The prediction of phase equilibria for hydrocarbon/water blends in separators, is a subject of considerable importance for chemical processes. Despite its relevance, there are still pending questions. Among them, is the prediction of the correct number of phases. While a stability analysis using the Gibbs Free Energy of mixing and the NRTL model, provide a good understanding with calculation issues, when using HYSYS V9 and Aspen Plus V9 software, this shows that significant phase equilibrium uncertainties still exist. To clarify these matters, n-octane and water blends, are good surrogates of naphtha/water mixtures.

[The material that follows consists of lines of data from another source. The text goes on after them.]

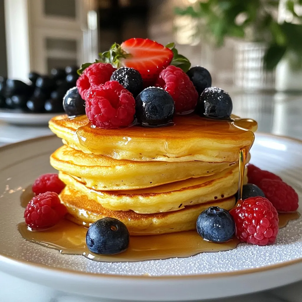 - Vielseitigkeit: Diese Pfannkuchen lassen sich hervorragend mit verschiedenen Toppings wie frischen Beeren und Ahornsirup anpassen, um jedem Geschmack gerecht zu werden.
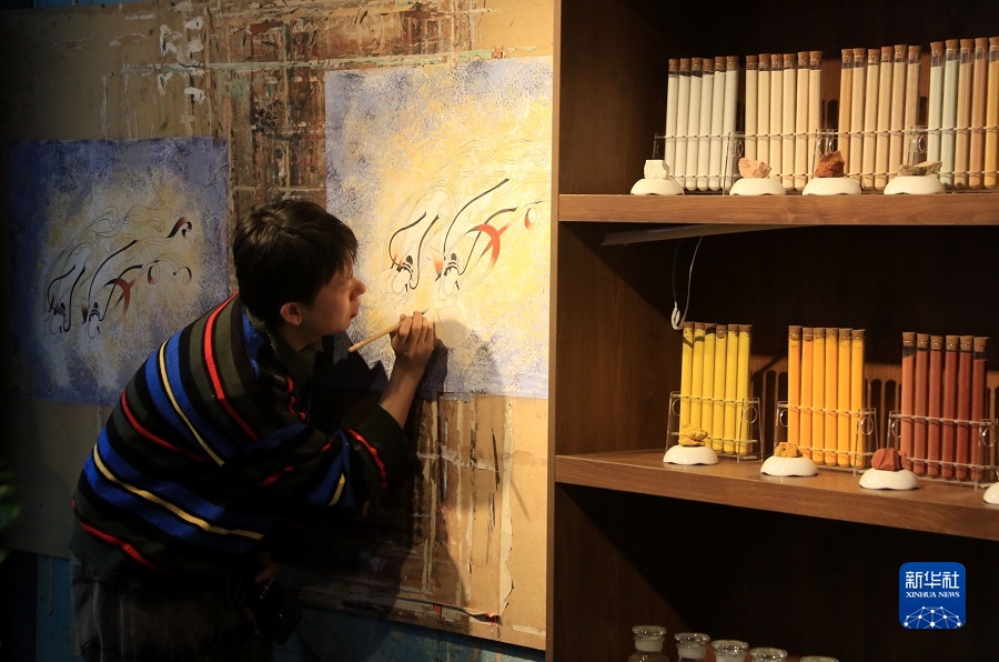 2月22日,在敦煌小鎮(zhèn)鳴沙書(shū)院,來(lái)自陜西的學(xué)員吳恩梵學(xué)習(xí)敦煌壁畫(huà)臨摹技藝。
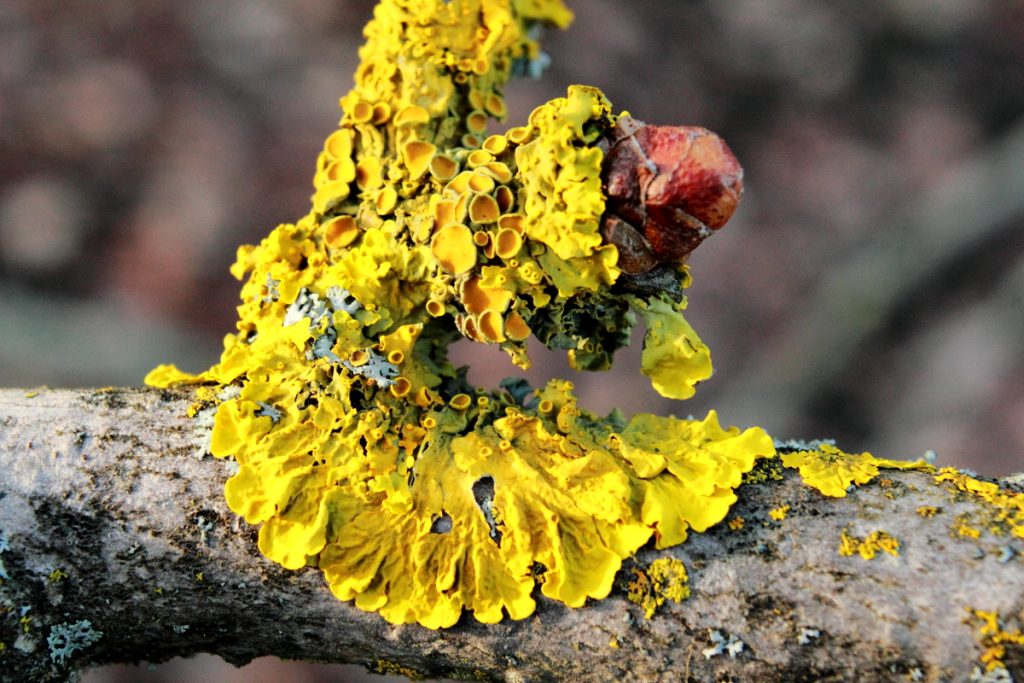 Na zdjęciu porosty wyrastające na gałązce miłorzębu dwuklapowego, nazywanego też roślinną skamieniałością.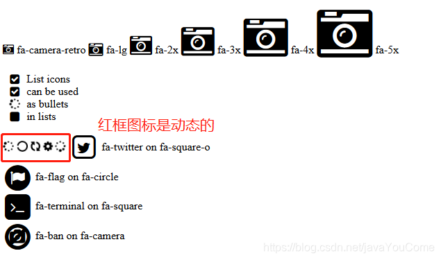 然后页面中推荐使用<i>作为图标的标签,class属性中必须加 fa 作为前缀 后面是图标本身的名字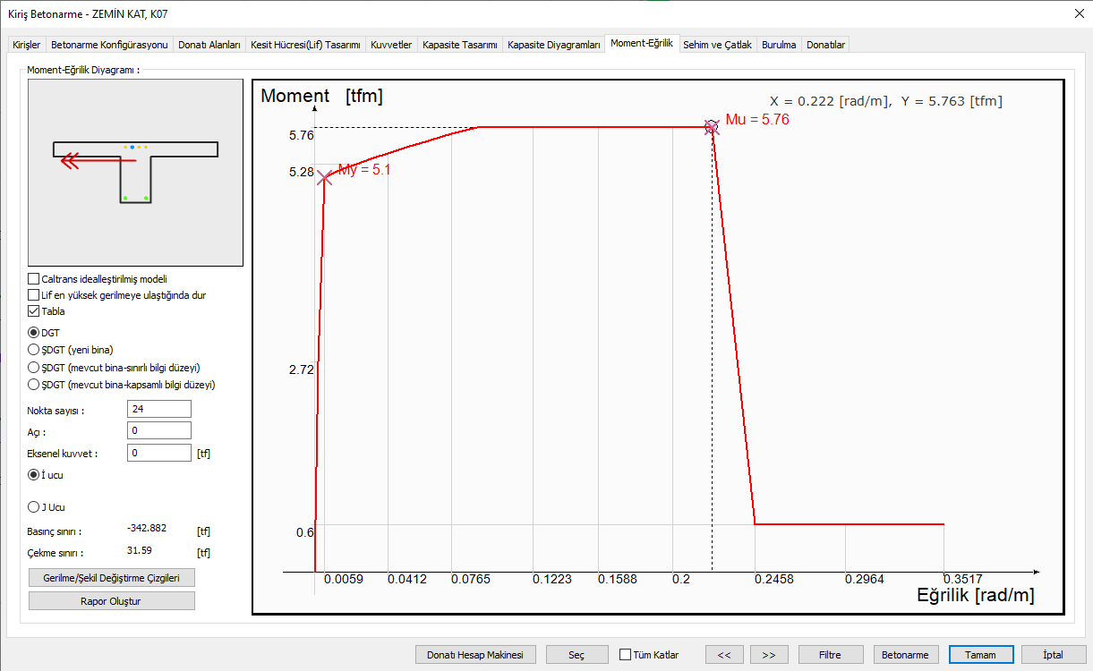 “Kiriş Betonarme” penceresinin “Kapasite Tasarımı” sekmesinde, yukarıda anlatılan prensipler kullanılarak her bir yükleme kombinasyonunda kapasite oranları hesaplanmaktadır.

Runs were developed in a CREC vapor–liquid (VL_Cell operated with octane–water mixtures under dynamic conditions and used to establish the two-phase (liquid–vapor) and three phase (liquid–liquid–vapor) domains. Results obtained demonstrate that the two phase region (full solubility in the liquid phase) of n-octane in water at 100 °C is in the 10−4 mol fraction range, and it is larger than the 10−5 mol fraction predicted by Aspen Plus and the 10−7 mol fraction reported in the technical literature. Furthermore, and to provide an effective and accurate method for predicting the number of phases, a machine learning (ML) technique was implemented and successfully demonstrated, in the present study.